Editor and Proprietor of The Bossier Banner
Abney Dell Scanland Flynn collection: 1999.136.034
 “As the census is being taken, we are fearful that our CITY may not occupy the position it should in the statistics; for the reason that only men, women, and children appear therein—whereas it requires more than inhabitants to constitute a town or city. In addition to the population of Bellevue, it has sixty seven houses—not all dwellings—but among which are a Court house and jail, and where is the other town in the Parish that has more, or is ever likely to have the later? We have an Academy, with a Principaless eminently qualified to train the youthful mind. One store that can furnish anything called for, from a needle to an anchor, at cost prices, freight added—freight tolerable heavy sometimes! One Grocery, where you will be FRANKly told that too much will make drunk come. One Hotel, that asks no odds of the St. Charles, in the way of substantials. One Preacher, ready to tie the knot and see that the same is Recorded! Two Doctors, that will cure you of all the ills flesh is heir to--if they can—if they can’t, why, you go under. Four Lawyers, always waiting to be gracious—they are waiting yet. One printing office— the man who runs it is too modest to blow his own trumpet but “hangs out his Banner” every Thursday morning. We have three dogs—one black cur, one terrier and one “yaller dog.” We defy any town in the State to do as small a business in the dog line; but in bovines and cats we can beat the universe. On a fair count we have about 200 of the former including Mr. Rasberry’s oxen, judging by their tracks in the morning after a slight shower, 1400 more or less—and a small stear! Cats! We defy any man to take their census, unless he were to imbibe a quart of benzine; locate himself on the Court house roof of a moonlight night, and count the number of spits! Spits! And me-ows. To sum up, we have a very pleasant, quiet town, and birds that make sweeter music than anywhere else. There is one singing now, that would put Jenny Lind to the blush.”

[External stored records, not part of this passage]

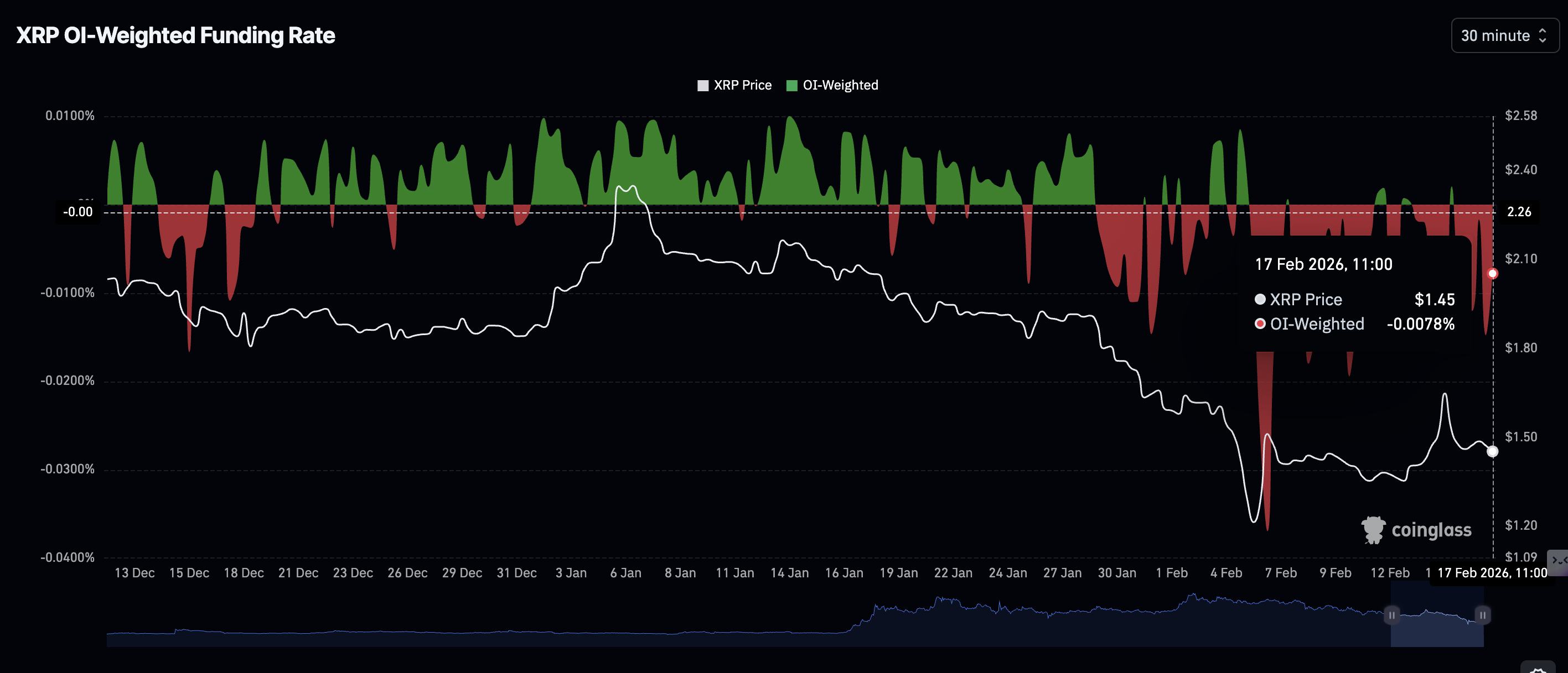 CoinGlass data shows that traders are increasingly piling into short positions, suggesting a lack of conviction in XRP’s short-term bullish outlook. The OI-Weighted Funding Rate holds at -0.0078% on Tuesday, remaining in the negative region since Sunday. Without follow-through momentum, price fluctuations will persist amid an overall bearish trend.
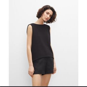 New with tag Black sculptural Top. Sleeveless. Boat neckline. Thick fabric.
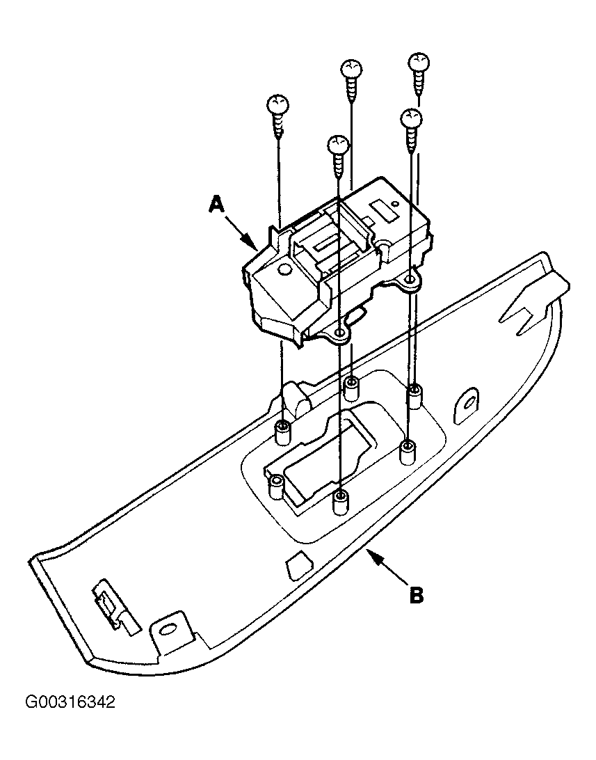 Remove passenger's door panel. See DOOR PANEL under REMOVAL & INSTALLATION. Remove the screws and the passenger's switch assembly. See Fig 1 . Remove the five mounting screws. Remove the passenger's switch (A) from the panel (B). See Fig 2 . Check for continuity between the terminals in each switch position. See Fig 3 . See PASSENGER'S POWER WINDOW SWITCH table.
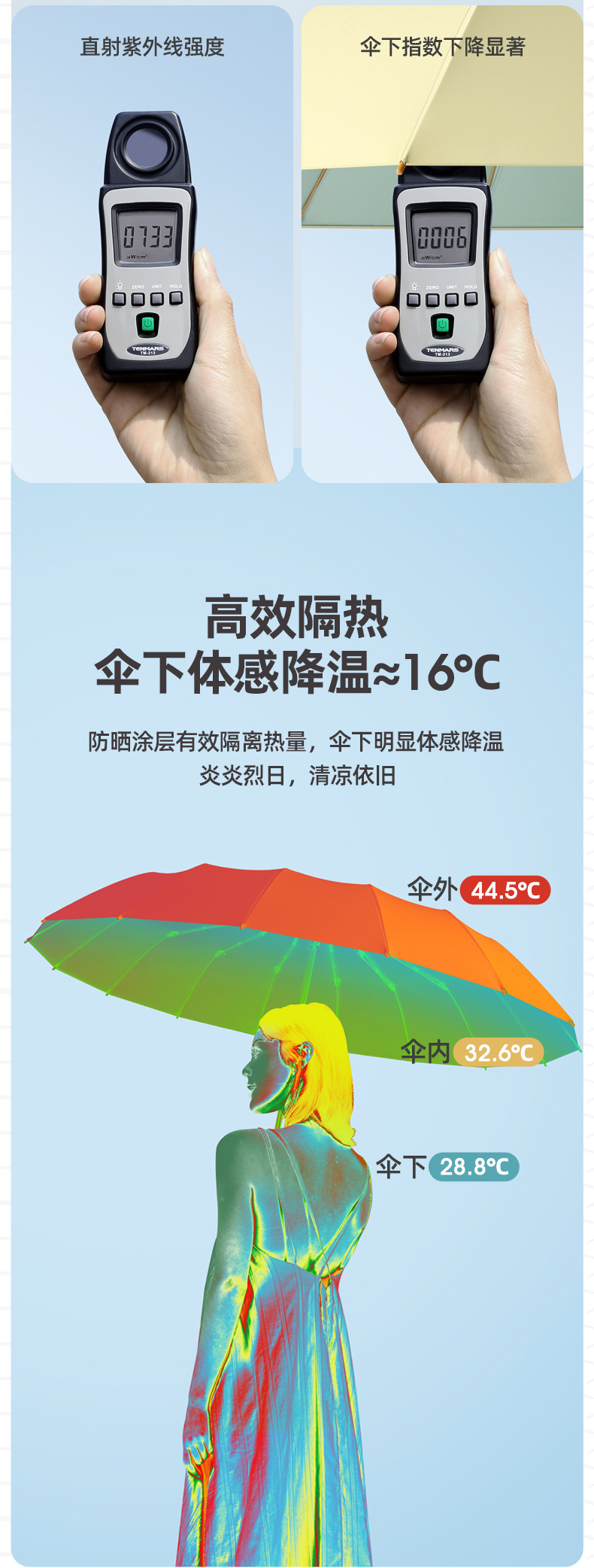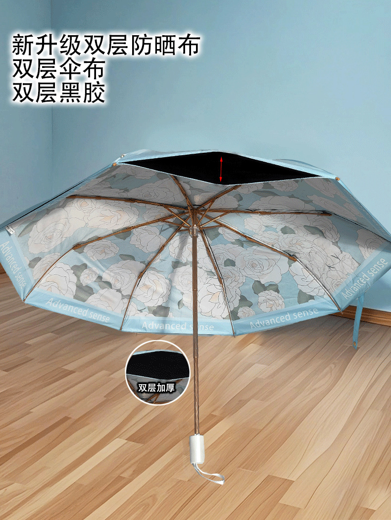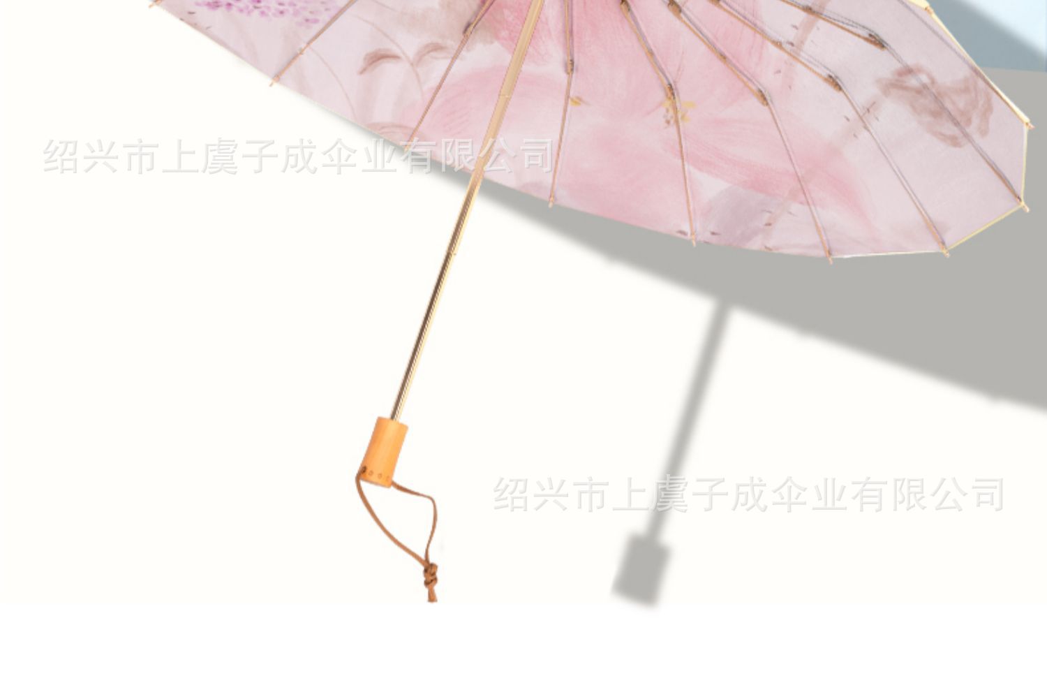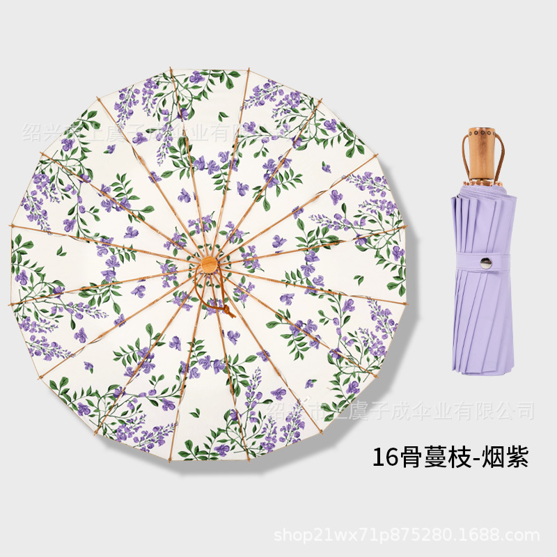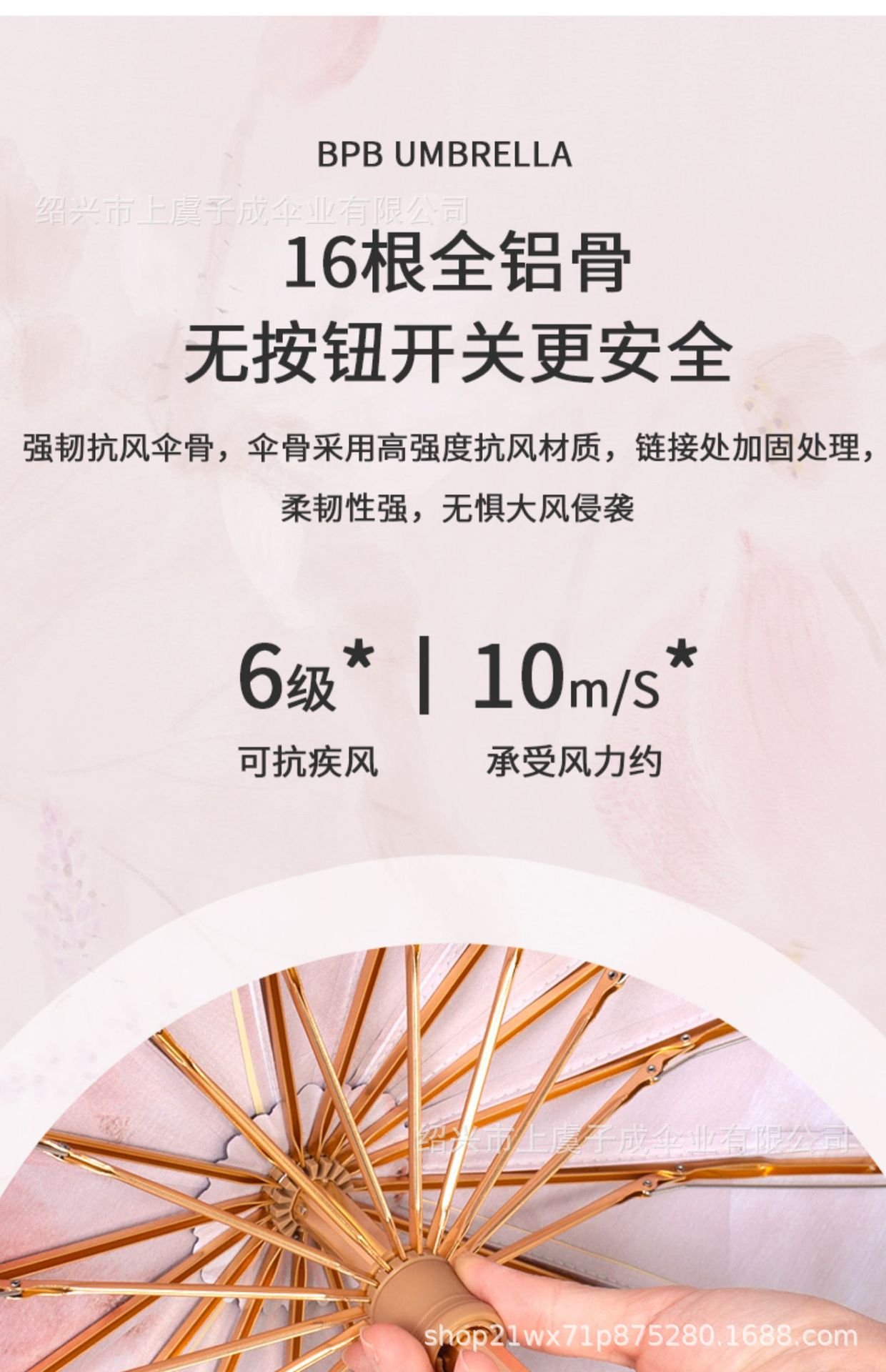고급 감각 16 본 우산 여성의 햇빛과 비 이중 사용 컬러 접착제 선 스크린 태양 우산 UV 보호 증가 3 배 햇빛 우산스토어 가기
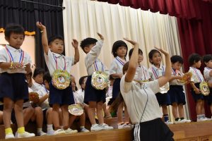 幼稚園で走り、鉄棒、絵を描く、小学校では、国語、算数、教科の成績をもらってくる

Unfortunately, some people were, and still are, afraid to take part in the U.S. Census and refuse to answer the questions being asked by the census takers. The reason it is so important to participate in the U.S. Census is that the data collected by the census determines the number of seats each state has in the U.S. House of Representatives (a process called apportionment), which was the cause of the political disagreement over the 1870 census results. The federal census is also used to distribute billions in federal funds to local communities. As a bonus, those of us that are tracing our family heritage, we can find our ancestors and know more about them, thanks to the information that is provided on the census.